I have to give it to the flippinout polymer slingshot. I had a terrible fork hit with .60 lead and double theraband gold with barely a dent in the fork. I retrieved the projectile and it was disfigured. I was so impressed I had to give a shout out to flippin out. thanx for sending me a quality product.


----------



## flippinout (Jul 16, 2010)

We take great pride in producing quality gear. And even more so when it used hard!

Thank you


----------



## drfrancov (Sep 29, 2012)

I agree. The service and the products they provide ae excellent!


----------



## NaturalFork (Jan 21, 2010)

I think flippinout and simple shot are the greatest. Such an asset to the sport.


----------



## SimpleShot (Aug 30, 2012)

NaturalFork said:


> I think flippinout and simple shot are the greatest. Such an asset to the sport.

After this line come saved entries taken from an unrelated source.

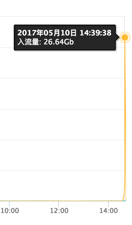 14:39,第1次攻击流量26.64Gb,针对的是其中1台负载均衡A,攻击后,立即被阿里云云盾屏蔽。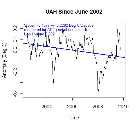 Marohasy further notes that for the last 8 years (2001-08), GISS shows a temperature anomaly of +0.1C, NCDC shows no change, BMO/UEA has a -0.9C, RSS has -1.1C and UAH has -0.6C. Only GISS shows an increasing temperature through the 8 year period.
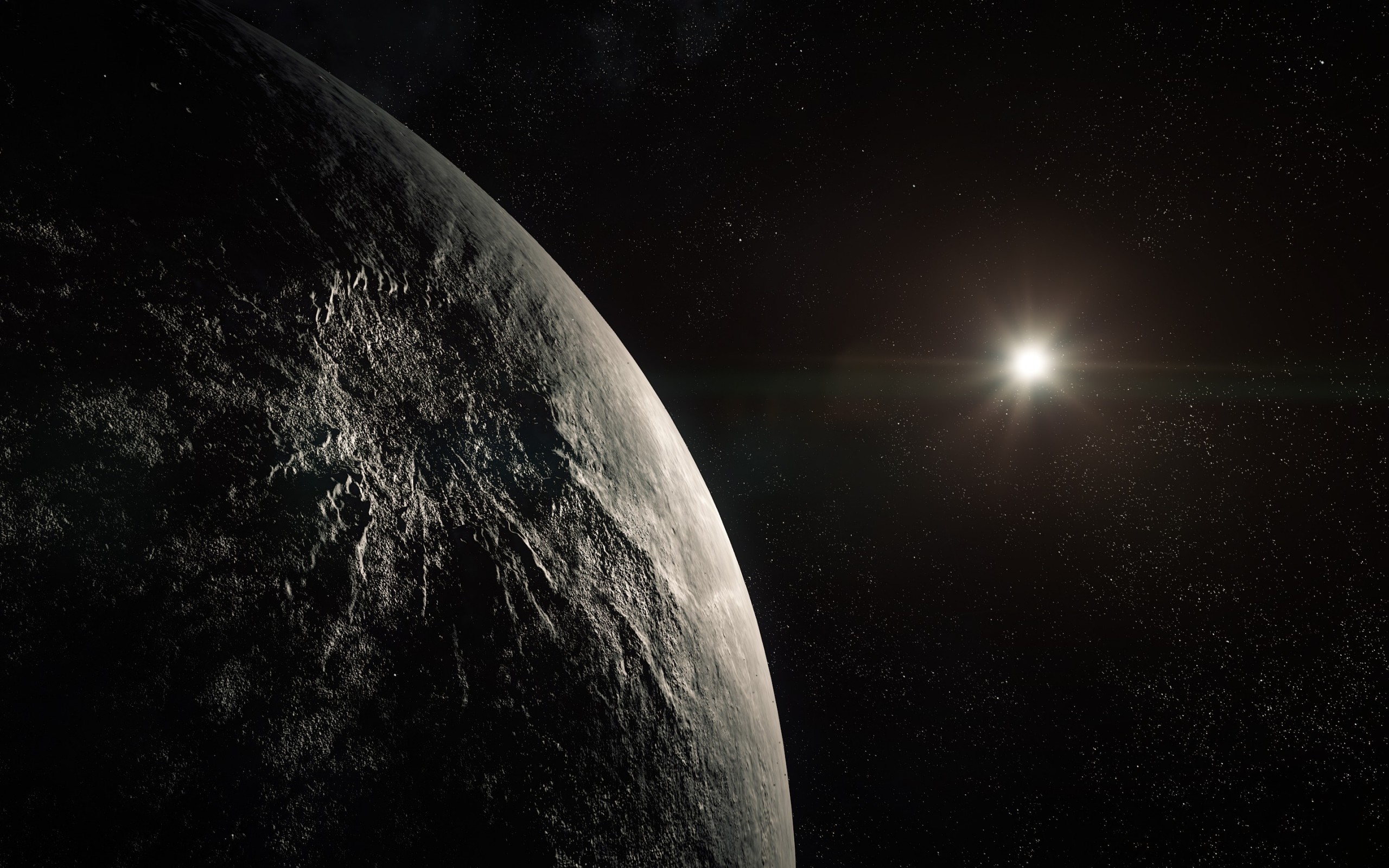 Description: A bright light shines on the surface of the earth's surface as it is surrounded by stars.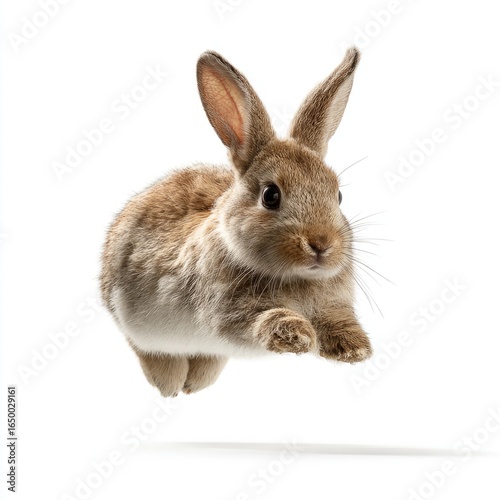 © pena, Obraz premium Brown rabbit in mid-air jump, white background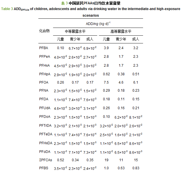 表 3列出了中、高等暴露水平下中國居民飲水的ADDΣPFAAs值.中等暴露水平下, 成人、青少年、兒童飲水的ADDΣPFAAs分別為0.42、0.41和0.63 ng·(kg·d)-1, PFOA、PFBA、PFOS之和占ADDΣPFAAs的66%.高等暴露水平下, 成人、青少年、兒童的ADDΣPFAAs分別為18、13、22 ng·(kg·d)-1, 是中等暴露水平的32~42倍, 碳鏈≤6的PFCAs攝入比例有所增加.各年齡段均未見性別間顯著性差異.隨著年齡增長, 體重(BW)增加遠大于飲水量(IR)增加, 故IR/BW及ADDΣPFAAs值均應呈下降趨勢.但在中、高等暴露水平下, 青少年飲水ADDΣPFAAs值低于成人, 表明我國青少年飲水量普遍低于建議量, 與文獻的報道相符.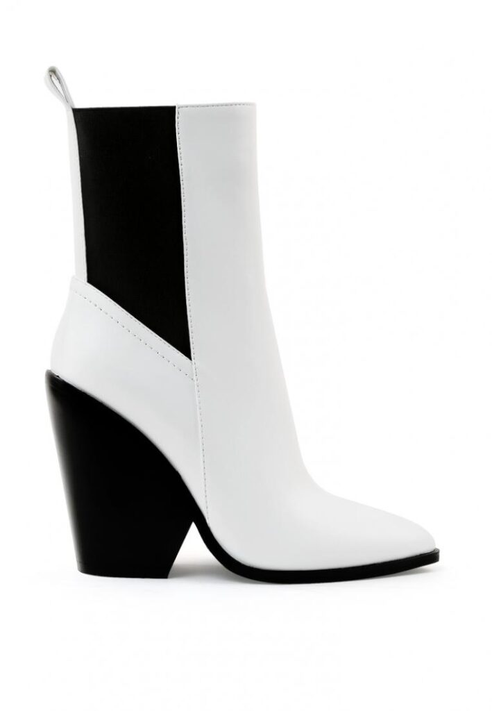 Some textures on your booties sure can make a difference. Shop this pair here.Add a little mod into your boots with this black and white color block from London Rag. Shop ’em here.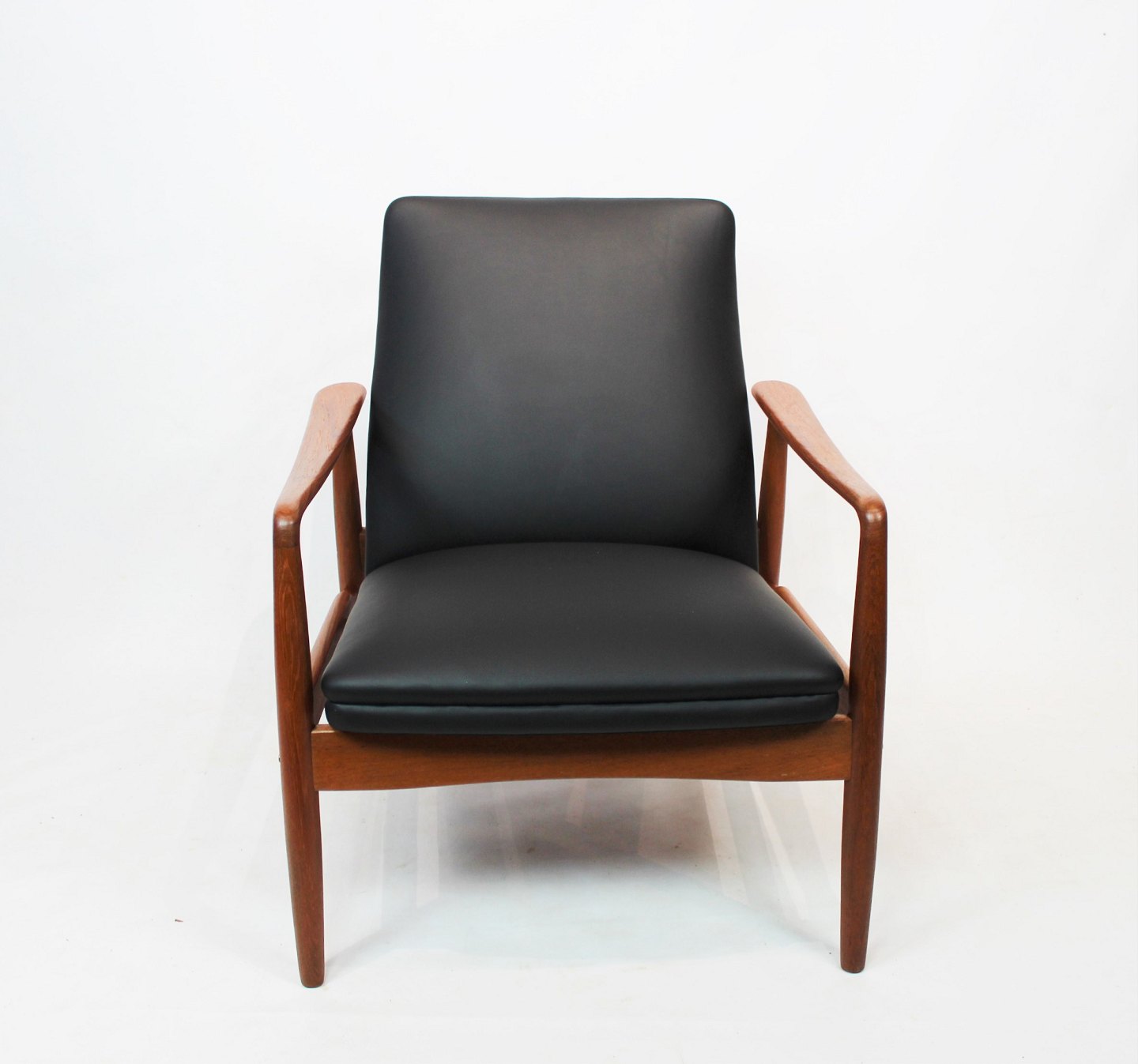 SoldEasy chair in teak and black leather designed by Søren Ladefoged in the 1960s. The chair is in great vintage condition.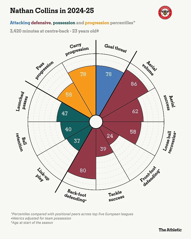Коллинз обладал природной уверенностью во владении мячом с того момента, как он перешел в Премьер-лигу, подписав контракт с «Бернли» в 2021 году. «Брентфорд» — не та команда, которая умеет играть с мячом, но ему комфортно выходить на поле (прогрессия проходов с мячом — 78 из 99).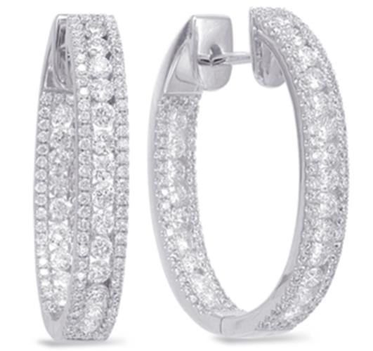 LARGE 14KT WHITE GOLD HOOP HANGING EARRINGS. 3D CLASSIC INSIDE OUT THREE ROW DESIGN. ROUND DIAMONDS ARE F/G COLOR, VSSI CLARITY 1.79 CARATS. MEASURES 4mm WIDE. WRITTEN APPRAISAL AVAILABLE. COMES IN A PRESENTABLE GIFT BOX.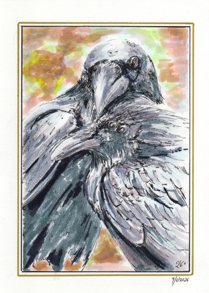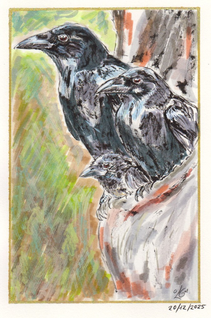 1. Me encantan los cuervos, hay muchos por aquí, son muy sociales e inteligentes, además muy longevos, hace algunos días me encontré una de sus plumas negras atornasoladas, hermoso encontrar ese plumaje y esa sociabilidad en tus dibujos, preciosos, Olga. Feliz semana, abrazos.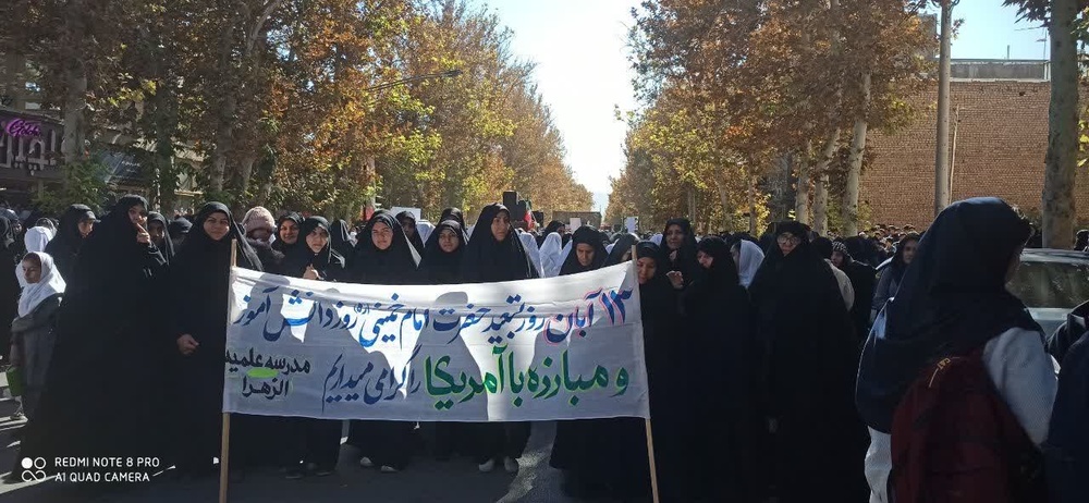 طلاب مدارس علمیه خواهران استان اصفهان همزمان با سراسر کشور، در راهپیمایی باشکوه ۱۳ آبان با حضوری گسترده و انقلابی، بار دیگر وفاداری خود را به آرمانهای امام خمینی(ره) و مقام معظم رهبری اعلام کردند.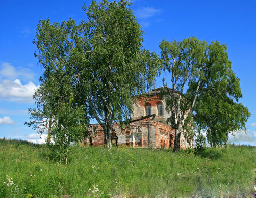 А над ним, на горе – церковь, сняты кресты,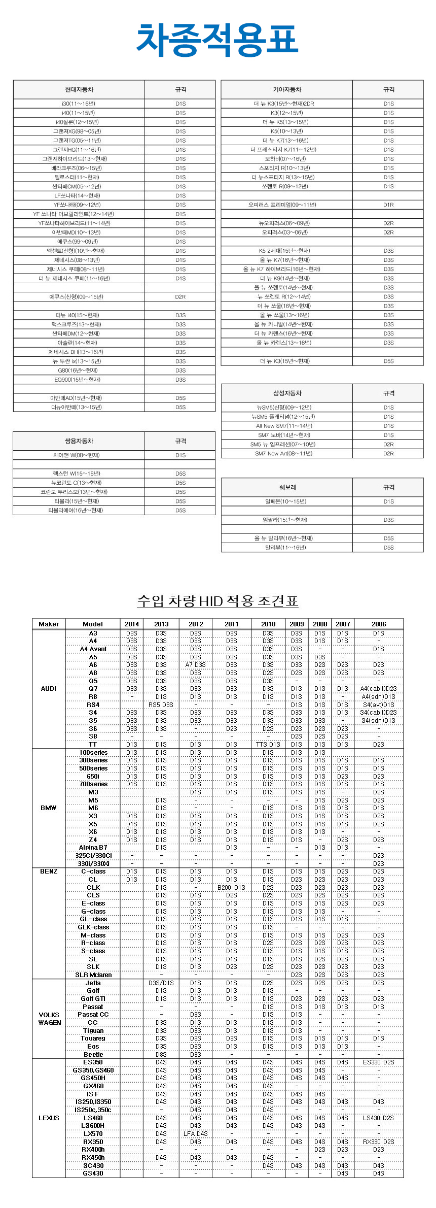 본 적용표는 참고용이며, 차종별로 연식 및 옵션에 따라 타입이 다를수도 있습니다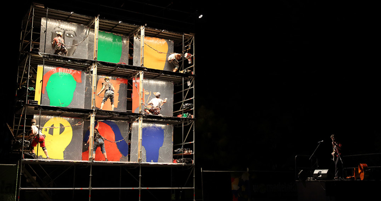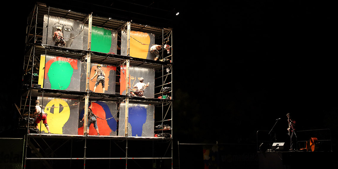 A spectacular performance piece accompanied by live music in which live paintings are created, destroyed and then recreated. Huge stretched canvases over large scaffolding are covered with pictures painted or carved - a collective fresco.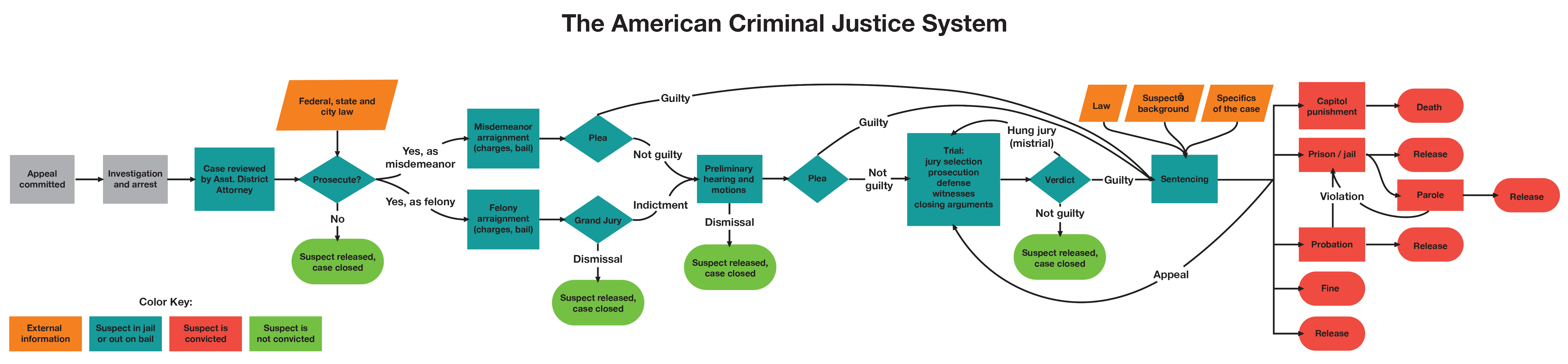 Screenshot of Criminal Justice flowchart showing the first half of the American criminal justice process

Oh stop it! You are making us blush....

Thank you, we love the sport and take great pride in providing enthusiasts with top quality gear!


----------



## CAS14 (Jul 17, 2012)

Just ordered some Scouts to send to Marines in Afghanistan! Simple Shot gave me a break. I can't wait to see them.


----------



## CAS14 (Jul 17, 2012)

I liked the first Scouts so much that I ordered six more using the 20% discount this weekend. A Marine I know just picked up six 1/2" dia. gold EGAs to mount on these prior to shipping to Afghanistan. Those warriors will love these!


----------



## WILD BILL (Jan 26, 2012)

GOOD STUFF!


----------